KUR’AN:”İnna nahnünezzelna alelKur’ane tenzihen”biz size Kur’anı siz olarak indirdik. Kur’ anı kerimin anlamını sadece Arapça karşılığı Türkçesi ile bilmek Kur’anı biliyorum manası ifade etmez. Esasta Kur’an Allahçadır. Allahçaya misal insandır, insanda konuşan Kur’andır. Ve LEDÜNİ, CİFİRİ, MATEMATİK, SEMANTİK anlamlarda olmakla ancak mana verebilmeye hak kazanabilirsiniz. Oda yine Hakkın takdirindeki Hak tarafından temizlenmiş kişilere vabestedir, ancak onlar Kur’ana el sürebilir. ”La yemessehu illel mutahharun”anlamı Hakkın temizlediği kişileri bildirir. İşte bu temiz kişiler İNNA ’daki insanı bulabilirler. Dar anlayışlar”cunub olanlar el süremez”der. Tabiî ki abdestimizi almak mecburiyetindeyiz. Kurani sadadi anlayış ve ilmi tevil ancak Hakkın temizlediği“mutahhirukum tathira” ayeti ile müjdelenmiş hakkın temizlediği kişilerin Kur’ ana vereceği manalardır. Kur’anı kerim envarı risalettir kime verilmiş ise ancak o kuranı söyler ve halka esasını öğretir, sahiplik ne hikmetse her asırda bu kişilere verilmiştir.

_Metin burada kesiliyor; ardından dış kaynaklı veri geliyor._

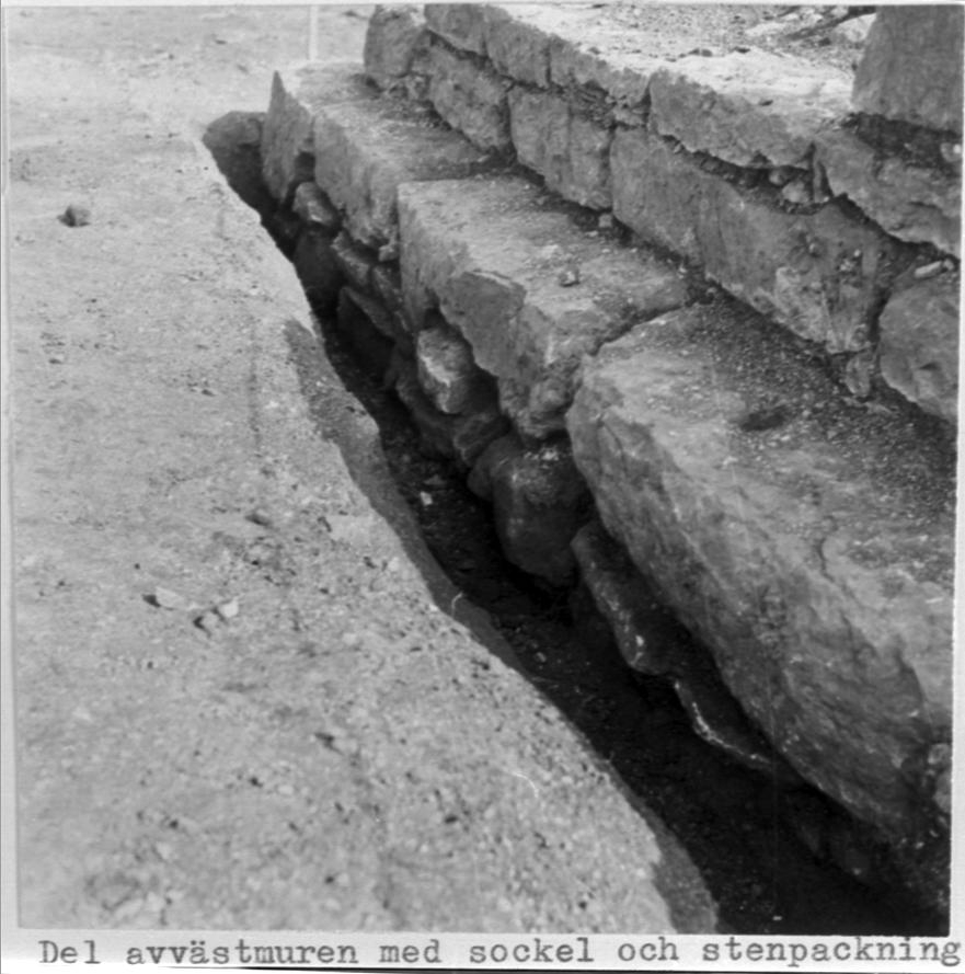Lovene kyrkoruin. Del av fästmuren med sockel och stenpackning.

Fatır 32.”Biz Kur’anı seçtiğimiz insana miras kıldık”Kur’an anlayışın senle Kuran olsun. Kur’an Al-lahın kitabı ise sana ait değil demektir. “BENLE KUR’AN”dersen sahipliğin seninle olur ve bu anlayışı vücudunda bulur kendini konuşan Kur’an olarak Hakka mal edersin. Ey Allahtan gelen Allaha bu habli metin dönülü iplikçik vasfınla şu andada anlamış olursun. Allah böyle imali şekli fizik yapı şekli ile ko-nuşur. Yeterki kelamullah olan kendini ve içindeki tevhidi birlik mananı tanı. Ey batından zahire gelen manayı kur’an insan. Yine”BATINDA KALIRSA ONU TENZİL denir”buyuruyor. Ümmete dağvet gibi tenzildedir. Henüz İLMİ LEDÜNİ ANLAMLI KUR’AN SİZLERE MANACA NUZUL ETMEMİŞ OLUP TENZİLDE KALDIĞIDIR. ARAR ARZU EDER ÇALIŞIRSAN KUR’AN TENZİLDEN NUZUL EDİP SENİN KALBİNE GELECEK-TİR. İşte bu OLAYLI TEVHİDİ GELİŞTEKİ KURANI ANLAMANDA yine esasta MANAYI KURANDIR. TEF-SİR veya BEYAN, hele MEAL ANLAM hiç değildir. Yani O ALICILIKTA DEĞİLSEN KUR’ANIN MANASI TENZİLDEDİR, SANA İNMEMİŞTİR. ÇEKİÇİLİĞİNDEKİ CAZİBEN NASİBİNDİR UNUTMA! Yine “Kur ’an, tenzilden ne zamanki inerek zahire çıkar o zaman ona ittibağ vacip olur”buyrulur. Yani TENZİLDE Kİ SOYUT MANAYI ALARAK SOMUTİ MELEKAT MANA ANLAYIŞINA ÇIKARIP İLMİN TEĞVİL şekli ile ANLAR ve ANLATILIRSANIZ, O ZAMAN ONA TABİĞ OLMAN VACİPTİR. Bunun için 2 yol vardır. Bu UYGULAMALARI FARK ve TEMYİZ EDERSENİZ ancak MANAYI KUR’AN SİZİNLE OLACAKTIR. Olaya İŞTİRAKÇİSİNİZ, DIŞARIDA OLMAYAN İNSAN HER YERDE ve OLAYDA VARDIR. Kendince ayetini yorumla, aksi halde“FETTEBİ’İ KUR’ANE”ayetine KENDİN TABİ OLMAMIŞ, BAŞKASININ YORUMUNA UYMUŞ OLURSUN. Kısaca Kur’ana tabi ve onu kararlarsa-nız lisana, söze gelmeyecek mananın kalbine aksiyle ayeti kerimeyi tenzil etmiş ve size düşen anlam-larını almış olursunuz vacibiyetini emretmektedir. Bu olaylarda melekat güçlerin iş başında olmasıdır.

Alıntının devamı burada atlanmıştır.